Творчество С. С. Прокофьева: театр, специфика мышления, стилистика. III том учебного курса «Отечественная музыкальная культура XX – первой четверти XXI века» - страница 9



Ученические годы Прокофьева совпали с периодом расцвета творчества Рахманинова (до эмиграции), и последними годами жизни и творчества Скрябина. У Рахманинова он отмечал особую природу мелодизма, лирику; влияние Скрябина в области гармонии прослеживается в ряде ранних сочинений Прокофьева. Тяга молодого композитора к сказочным и фантастическим образам, продолжающая традиции многих русских классиков, была созвучна творчеству ряда поэтов и художников рубежа XIX – начала XX веков. Впоследствии Прокофьев находился в естественном русле явлений художественной жизни Запада, вкусов и настроений музыкальных кругов интеллигенции Парижа, где он обосновался с 1923 года. Установились тесные контакты с композиторами «Французской шестёрки» – Ф. Пуленком, А. Онеггером, Д. Мийо, с которыми Прокофьев много выступал в рамках концертных программ.
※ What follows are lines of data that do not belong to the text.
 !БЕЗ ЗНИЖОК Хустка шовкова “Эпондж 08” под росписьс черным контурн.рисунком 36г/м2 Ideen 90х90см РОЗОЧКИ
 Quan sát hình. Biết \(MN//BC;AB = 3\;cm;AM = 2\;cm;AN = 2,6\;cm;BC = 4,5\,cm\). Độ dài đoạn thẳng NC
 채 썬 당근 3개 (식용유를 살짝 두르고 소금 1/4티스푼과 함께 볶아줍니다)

Тонкий художественный вкус Прокофьева, взращённый на классическом наследии, направил искания композитора в русло мирискустничества, к содружеству с А. Бенуа и С. Дягилевым, утвердившим приоритет зрелищных видов искусств в столице мировой моды – Париже. В рамках работы «Русских сезонов» С. Дягилева были представлены «Жар-птица» И. Стравинского и некоторые другие его неофольклорные балеты; прокофьевские «Скифская сюита» (первоначально эта работа называлась «Ала и Лоллий») и балаганно-эксцентричный балет «Шут».
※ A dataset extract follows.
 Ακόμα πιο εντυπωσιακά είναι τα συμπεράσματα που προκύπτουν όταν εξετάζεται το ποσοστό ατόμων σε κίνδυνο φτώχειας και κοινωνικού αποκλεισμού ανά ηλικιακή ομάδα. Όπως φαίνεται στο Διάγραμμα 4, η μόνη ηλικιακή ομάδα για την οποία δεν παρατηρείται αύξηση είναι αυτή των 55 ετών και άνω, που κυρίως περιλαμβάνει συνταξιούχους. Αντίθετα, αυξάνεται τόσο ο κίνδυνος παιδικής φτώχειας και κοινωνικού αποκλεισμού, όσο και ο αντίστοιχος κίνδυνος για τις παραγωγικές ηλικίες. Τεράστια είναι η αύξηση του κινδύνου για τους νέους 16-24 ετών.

Современные исследователи отмечают, что «в начале творческого пути Прокофьев был весьма далёк от лирической исповедальности, свойственной романтизму. Если судить по его ранним операм „Маддалена“, „Игрок“, „Огненный ангел“, сюжеты которых наиболее приближены к романтической поэтике, композитору удаётся встать над романтическим эмоционализмом, подчёркивая свою отстранённость от психологических рефлексий, на которые провоцируют драматические, порой, экспрессионистские сюжетные ситуации. Их эмоциональному гипнозу, втягивающему слушателя в чувственное сопереживание, в музыке Прокофьева противостоят своеобразные заградительные барьеры в виде гротесковых авторских комментариев, переключающих внимание на объективное, рациональное, аналитическое восприятие» [16, с. 44]. «При всей дерзости антиромантических выпадов молодого автора романтизм остался одним из неявных, но глубоко лежащих свойств его натуры. Иначе нельзя объяснить ни экспрессионизм „Огненного ангела“, ни изысканно импрессионистическую лирику „Мимолётностей“, ни прогрессирующий эмоционализм поздних опусов. Романтическая constanta личности Прокофьева проявилась и в поэтизации образов старины, наряду с моментами юмористического обыгрывания их» [цит. по 16, с. 46]. Эта оценка романтического у Прокофьева естественно соотносится с классико-романтической сутью эпического в творчестве композитора.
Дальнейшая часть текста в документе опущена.